It must be taken into account that NVIDIA began to differentiate its graphics cards for servers from those used in the home and professional markets starting with the GP100, whose architecture was different from its contemporaries for gaming, the GTX 1000. Since then the differences between both ranges they have been increasing more and more. The main one being the fact that the shader unit, known as SM in both ranges, completely differs in focusing on different needs. One to reproduce the graphics of PC games and the other for scientific calculations.

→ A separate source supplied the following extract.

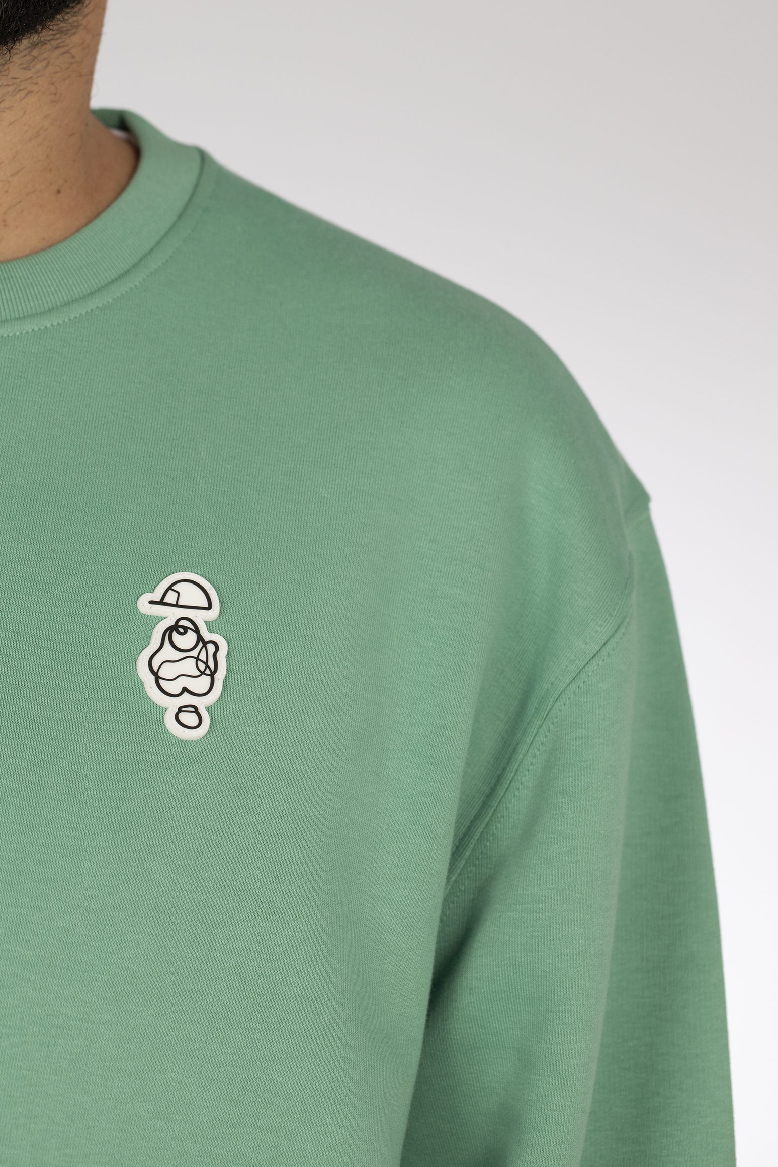 Sudadera verde pastel de 350gr. elaborada con algodón orgánico hilado y peinado (85%) y poliéster reciclado (15%).

How can you see the RT Cores to accelerate Ray Tracing are not found in this graphics card, hence it does not receive the name of RTX. Instead, we have that GPUs like the NVIDIA GH100 support double-precision floating point. Which is essential for work in certain fields of scientific and engineering research. We also have to keep in mind that despite its name, the NVIDIA GH100 Tensor GPU cannot render graphics with the same speed and smoothness as gaming cards.
This is the NVIDIA GH100 Tensor GPU, a beast for AI and Deep Learning
For the manufacture of this mastodon of more than 800 mmtwo, although somewhat smaller than its predecessor, NVIDIA has opted for the N4 node, a somewhat more optimized version of its 5nm node. On which he has created a design that in a certain way is continuous with the same type of processor of the previous generation, the A100. By the way, we cannot forget that we have two versions, one with the SXM form factor for supercomputers and another in the form of a PCI Express card, which by the way does not use the new PCIe Gen 5 connector and is limited to 350 W. Instead, the full version can reach 700 W of consumption in total.
As for its official technical specifications, for the different models they are the following:
As you can see, apart from adopting the configuration regarding the 32-bit floating point units of the RTX 30, with the second array of them switched with the integer unit, what stands out the most is the HBM3 memory usage for the first time on finished hardware. Although at the moment we do not know if the first models are going to use HBM2E memory while NVIDIA waits for the new standard to be widely available. Regardless of the type of memory used,
What changes from the NVIDIA GH100 could we see in the RTX 40?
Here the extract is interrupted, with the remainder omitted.